Come al solito, partiamo dall’ottica evoluzionista e facciamo a ritroso due passi fino a 50.000 anni fa, dove anche il nostro progenitore, l’uomo primitivo si alzava al mattino e da lì prendeva avvio la sua lotta per la sopravvivenza. Ancora oggi questa lotta è attuale, solo che il nostro organismo è ancora “settato” su quel tipo di sopravvivenza, alimentare e difensiva, mentre la nostra mente cognitiva deve affrontare una sopravvivenza più complicata, se vogliamo: un mix di sopravvivenza culturale, sociale e infine biologica. Ma tant’è e quindi ci prendiamo ciò che passa il convento e impariamo a convivere con chi siamo oggi.

Allora, dicevamo, siamo all’ora del risveglio al mattino. Strilla la sveglia! Qui ce n’è di tutti i colori: da quelli che si rintanano sotto le coperte fino all’ultimo secondo per poi gettarsi in strada con ancora i segni del cuscino; chi si alza due ore prima perché ha il pit stop obbligatorio in bagno dove consuma le sue migliori letture; chi si alza ed è un diesel (la mia amica Francesca) e non vuole sentire mosca volare e chi invece si alza e magicamente è già vispo come un grillo (l’altra mi amica Anastasia).

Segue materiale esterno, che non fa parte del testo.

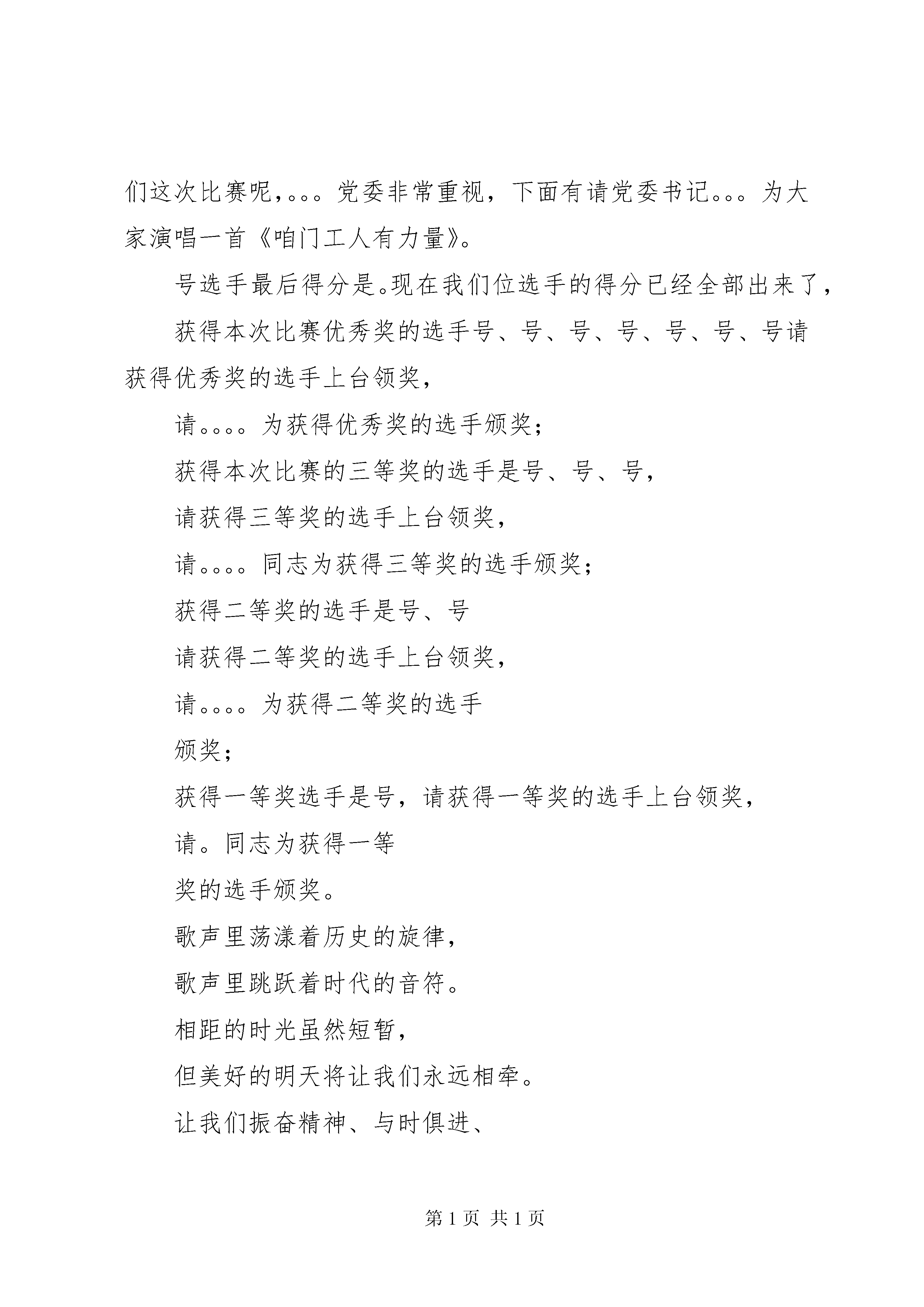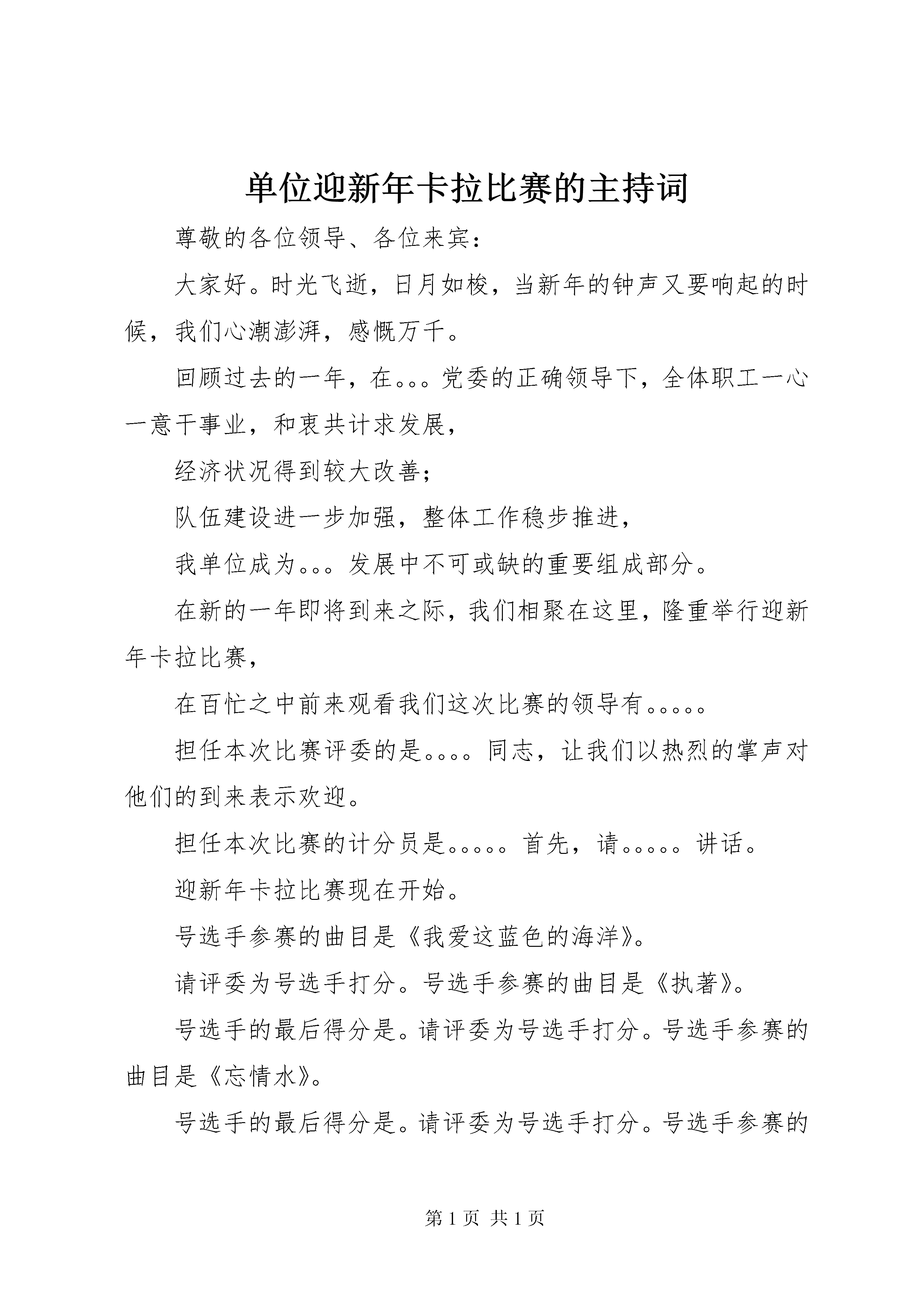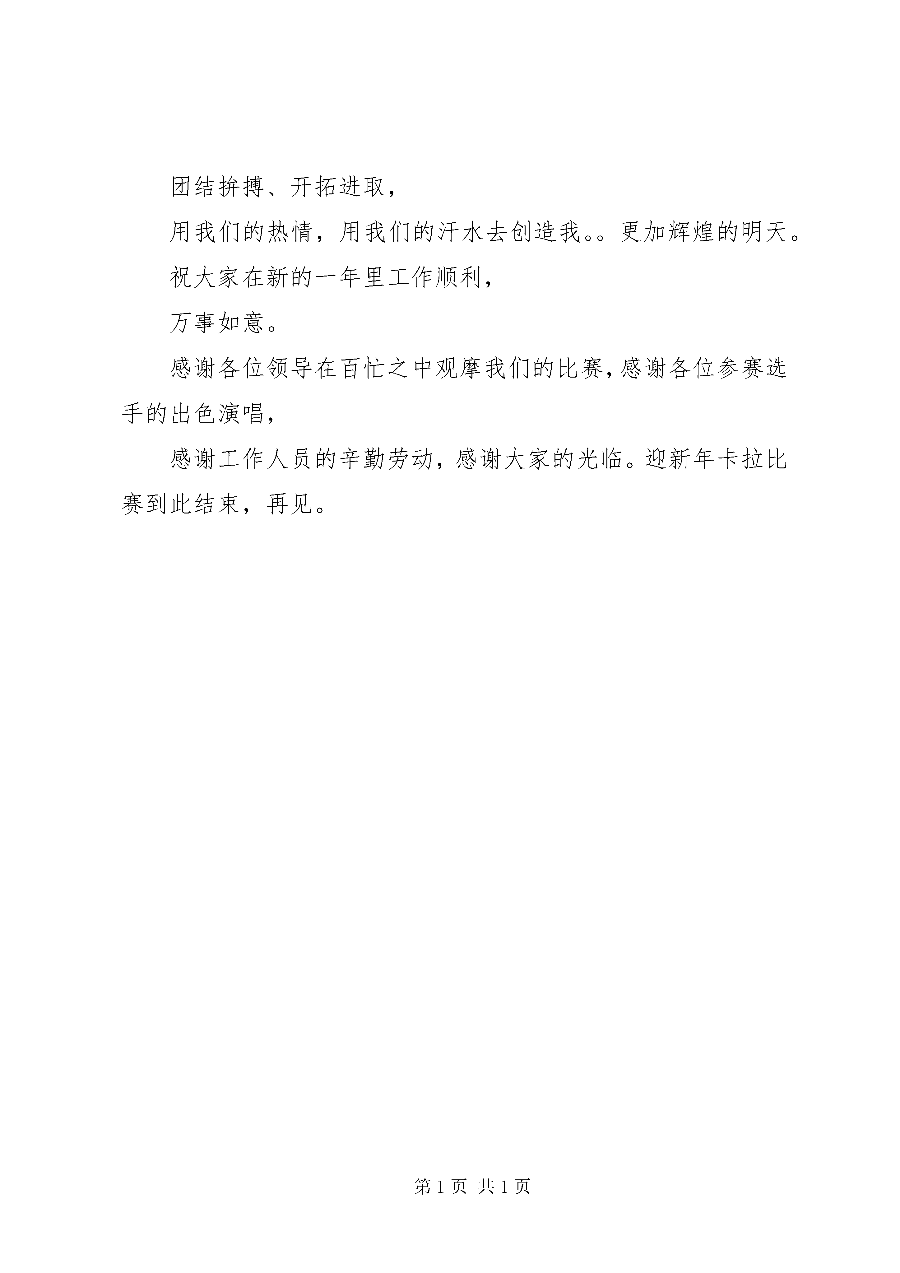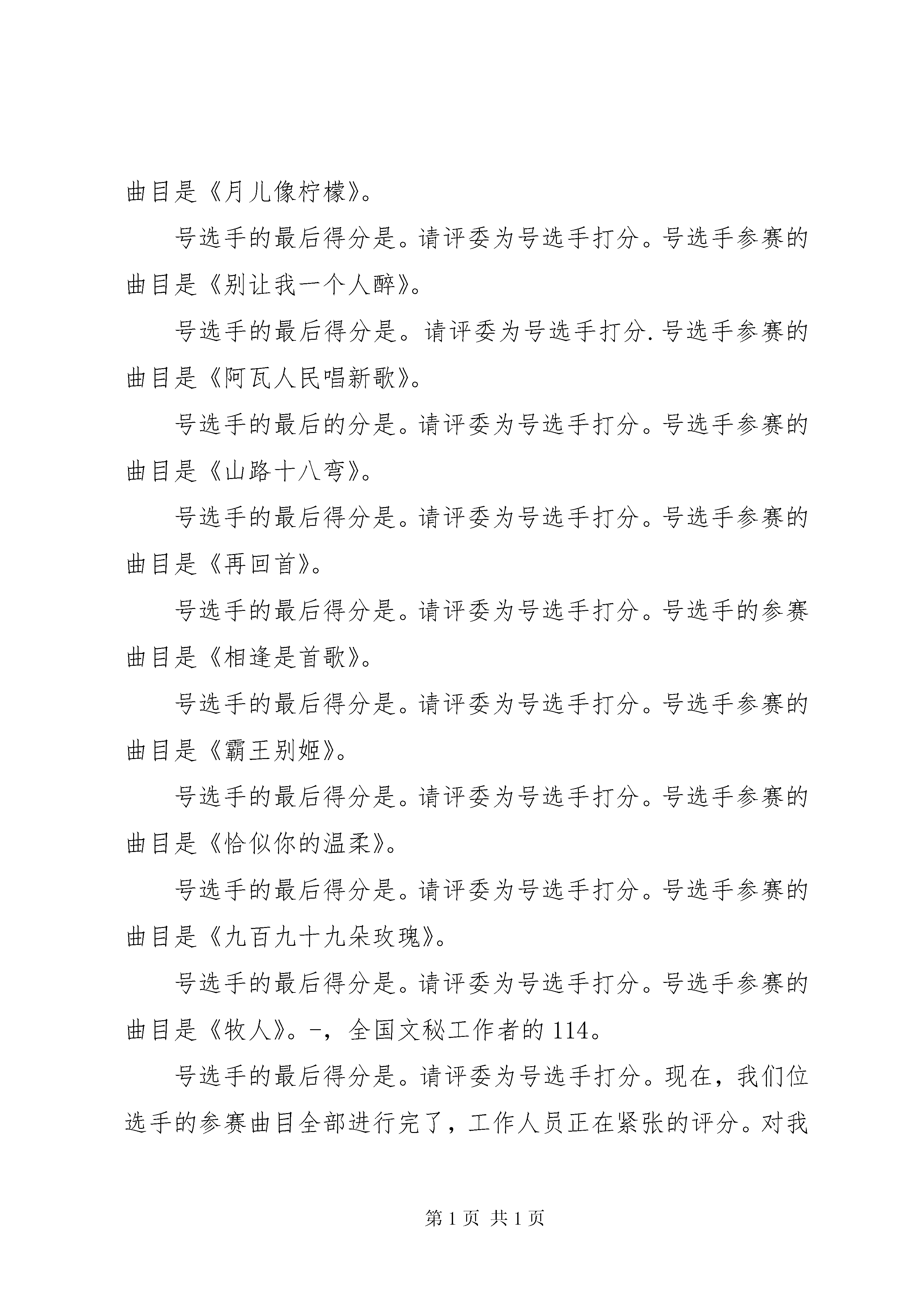 单位迎新年卡拉比赛的主持词尊敬的各位领导、各位来宾:大家好。时光飞逝,日月如梭,当新年的钟声又要响起的时候,我们心潮澎湃,感慨万千。回顾过去的一年,在。。。党委的正确领导下,全体职工一心一意干事业,和衷共计求发展,经济状况得到较大改善;队伍建设进一步加强,整体工作稳步推进,我单位成为。。。发展中不可或缺的重要组成部分。在新的一年即将到来之际,我们相聚在这里,隆重举行迎新年卡拉比赛,在百忙之中前来观看我们这次比赛的领导有。。。。。担任本次比赛评委的是。。。。同志,让我们以热烈的掌声对他们的到来表示欢迎。担任本次比赛的计分员是。。。。。首先,请。。。。。讲话。迎新年卡拉比赛现在开始。号选手参赛的曲目是《我爱这蓝色的海洋》。请评委为号选手打分。号选手参赛的曲目是《执著》。号选手的最后得分是。请评委为号选手打分。号选手参赛的曲目是《忘情水》。号选手的最后得分是。请评委为号选手打分。号选手参赛的曲目是《月儿像柠檬》。号选手的最后得分是。请评委为号选手打分。号选手参赛的曲目是《别让我一个人醉》。号选手的最后得分是。请评委为号选手打分.号选手参赛的曲目是《阿瓦人民唱新歌》。号选手的最后的分是。请评委为号选手打分。号选手参赛的曲目是《山路十八弯》。号选手的最后得分是。请评委为号选手打分。号选手参赛的曲目是《再回首》。号选手的最后得分是。请评委为号选手打分。号选手的参赛曲目是《相逢是首歌》。号选手的最后得分是。请评委为号选手打分。号选手参赛的曲目是《霸王别姬》。号选手的最后得分是。请评委为号选手打分。号选手参赛的曲目是《恰似你的温柔》。号选手的最后得分是。请评委为号选手打分。号选手参赛的曲目是《九百九十九朵玫瑰》。号选手的最后得分是。请评委为号选手打分。号选手参赛的曲目是《牧人》。-,全国文秘工作者的114。号选手的最后得分是。请评委为号选手打分。现在,我们位选手的参赛曲目全部进行完了,工作人员正在紧张的评分。对我们这次比赛呢,。。。党委非常重视,下面有请党委书记。。。为大家演唱一首《咱门工人有力量》。号选手最后得分是。现在我们位选手的得分已经全部出来了,获得本次比赛优秀奖的选手号、号、号、号、号、号、号请获得优秀奖的选手上台领奖,请。。。。为获得优秀奖的选手颁奖;获得本次比赛的三等奖的选手是号、号、号,请获得三等奖的选手上台领奖,请。。。。同志为获得三等奖的选手颁奖;获得二等奖的选手是号、号请获得二等奖的选手上台领奖,请。。。。为获得二等奖的选手颁奖;获得一等奖选手是号,请获得一等奖的选手上台领奖,请。同志为获得一等奖的选手颁奖。歌声里荡漾着历史的旋律,歌声里跳跃着时代的音符。相距的时光虽然短暂,但美好的明天将让我们永远相牵。让我们振奋精神、与时俱进、团结拚搏、开拓进取,用我们的热情,用我们的汗水去创造我。。更加辉煌的明天。祝大家在新的一年里工作顺利,万事如意。感谢各位领导在百忙之中观摩我们的比赛,感谢各位参赛选手的出色演唱,感谢工作人员的辛勤劳动,感谢大家的光临。迎新年卡拉比赛到此结束,再见。

Vediamo le abitudini più particolari: c’è chi si alza e come prima cosa accende la prima sigaretta “che ti fuma in gola un po’ di tosse” (per dirla alla Baglioni), oppure chi come prima cosa si fa un bel caffè bollente, o chi non mangia nulla perché al mattino ha lo stomaco chiuso. Insomma ce n’è per tutti i gusti. Ma queste abitudini fanno bene? Sono salutari? O, per dirla più da coach, utili?

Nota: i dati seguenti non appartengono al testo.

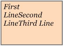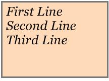 | <svg xmlns="https://www.w3.org/2000/svg"> <rect fill="peachpuff" height="150" rx="0" ry="0" stroke="#777" stroke-width="3" width="210" x="5" y="5"/> <textArea font-family="Georgia" font-size="25" font-style="italic" height="150" text-align="justify" width="200" x="10" y="10">First Line<tbreak/>Second Line<tbreak/>Third Line</textArea> </svg> |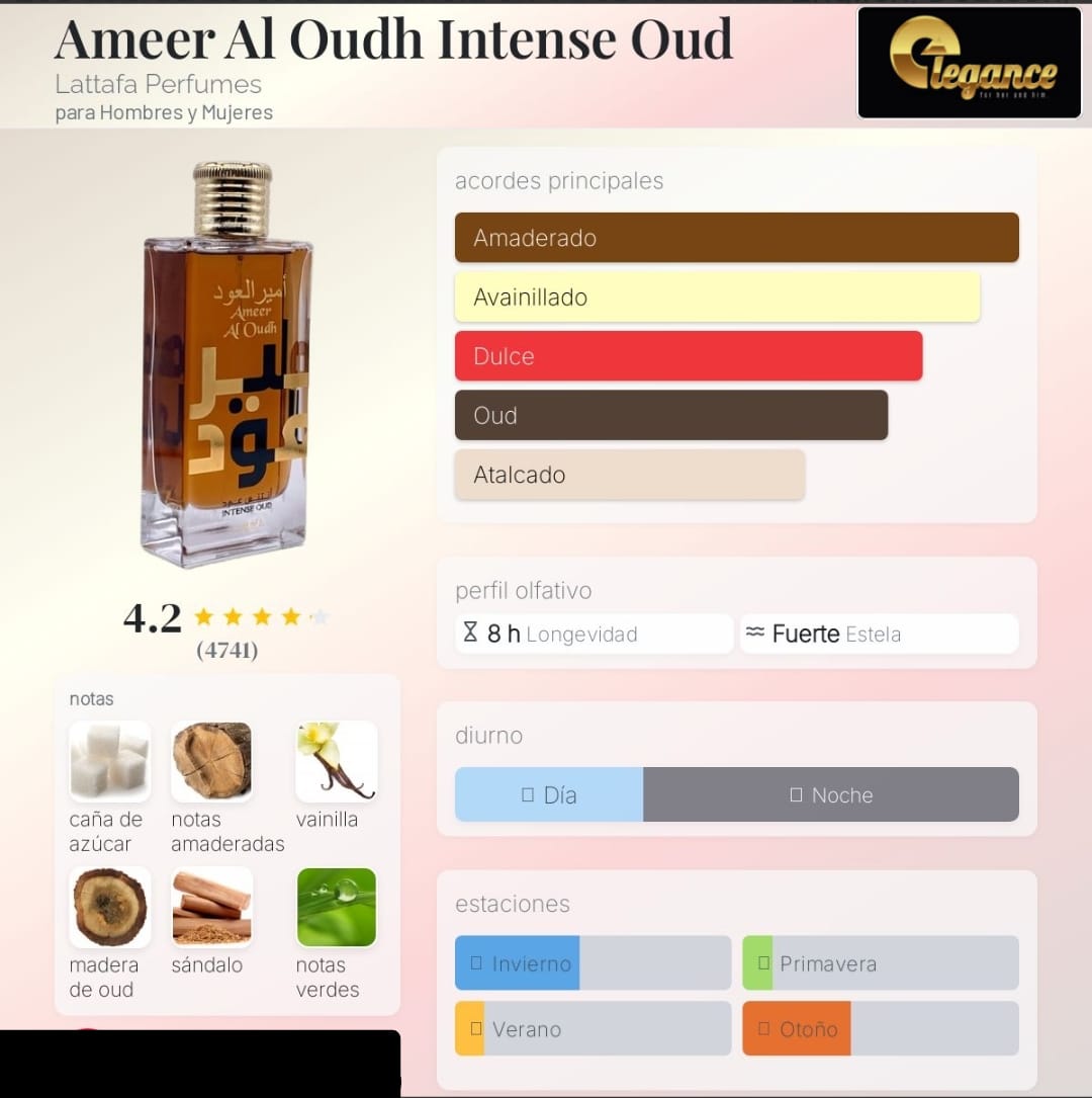 Ameer Al Oudh Intense Oud de Lattafa Perfumes es una fragancia de la familia olfativa Oriental para Hombres y Mujeres. Ameer Al Oudh Intense Oud se lanzó en 2021. Las Notas de Salida son notas amaderadas y madera de oud; las Notas de Corazón son azúcar y vainilla; las Notas de Fondo son madera de oud, sándalo y notas herbales.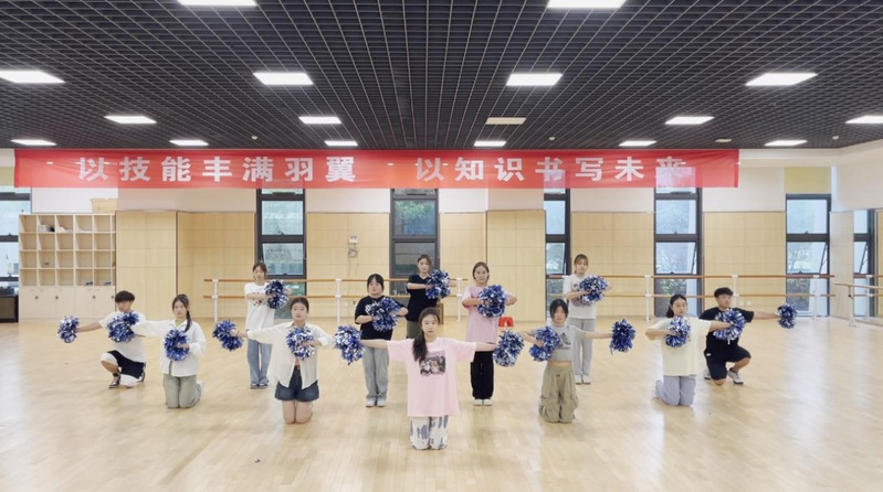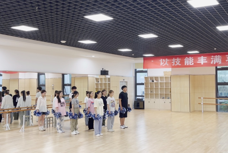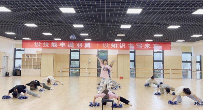 大二的学长学姐们边兼顾学业,边带领大一队员学习健美操和啦啦操。大一队员们多数来自不同的班级,刚开始是几乎没有默契可言的。学姐带大一队员对着镜子分组练习,培养默契。我们院此次的团队从一开始的散乱慢慢也有了一个整体的样子。辅导员杨韵老师更是非常专业,在繁忙工作的同时,很关注队员们,经常来陪队员训练,也一眼就能看出队员的问题所在。前期大一队员虽然把动作都做出来了,但是缺乏了力量,健美操和啦啦操注重的是青春活力,力量感是非常关键的。杨韵老师带着队员们一拍一拍地扣动作,并激励队员,亲自给队员们示范动作,告诉队员们表情也是非常重要的一项,微笑是非常能感染大家的。

Allora, partiamo da qui. Di notte il nostro metabolismo rallenta. Respiriamo più lentamente e in modo più superficiale. Non ci idratiamo. La notte serve a riposarsi; serve all’organismo non solo per recuperare le energie, ma anche per fare il check up generale: riparare i danni e farci ripartire il giorno dopo nelle migliori condizioni fisiche e mentali. Fin qui la natura fa la sua parte. E noi? Dico, noi la nostra parte la facciamo per aiutarci?

Fumare al mattino? Non va bene! Neanche il resto del giorno, a dire il vero. Bere come prima cosa un caffè appena svegli? Meglio di no. Ingurgitare la brioches piena di burro? No. Rimanere digiuni? Non va bene. Buttarsi per strada senza il tempo di respirare? No buono. 

E allora? Beh al mattino si tratta di riattivare il metabolismo, ossigenare l’organismo e reidratarlo dopo una lunga notte. Si tratta di dare segnali al sistema immunitario che tutto parte al meglio. Si tratta di trasmettere al nostro intestino e stomaco (non solo) che c’è cibo in quantità, per cui il segnale che lanceranno sarà di non preoccuparsi, di non dover attivare restrizioni, ma di poter esagerare col consumo di energie perché ce n’è in abbondanza. Quindi? Colazione abbondante al mattino!!!

Come fare tutto ciò? Vediamo, sempre nell’ottica del coaching.

La premessa da cui partire è che noi siamo ancora oggi come i nostri progenitori di 50.000 anni fa. Per cui il nostro organismo mette in atto ancora le stesse procedure: cibo scarso=rallentiamo il consumo; cibo abbondante=oggi si sciala, consumiamo senza problemi; mangiare in abbondanza serve per accumulare riserve per i momenti di carestia (che nell’uomo cacciatore di 50mila anni fa ci stava, oggi direi di no); movimento=vita, perché siamo nati per correre, per muoverci.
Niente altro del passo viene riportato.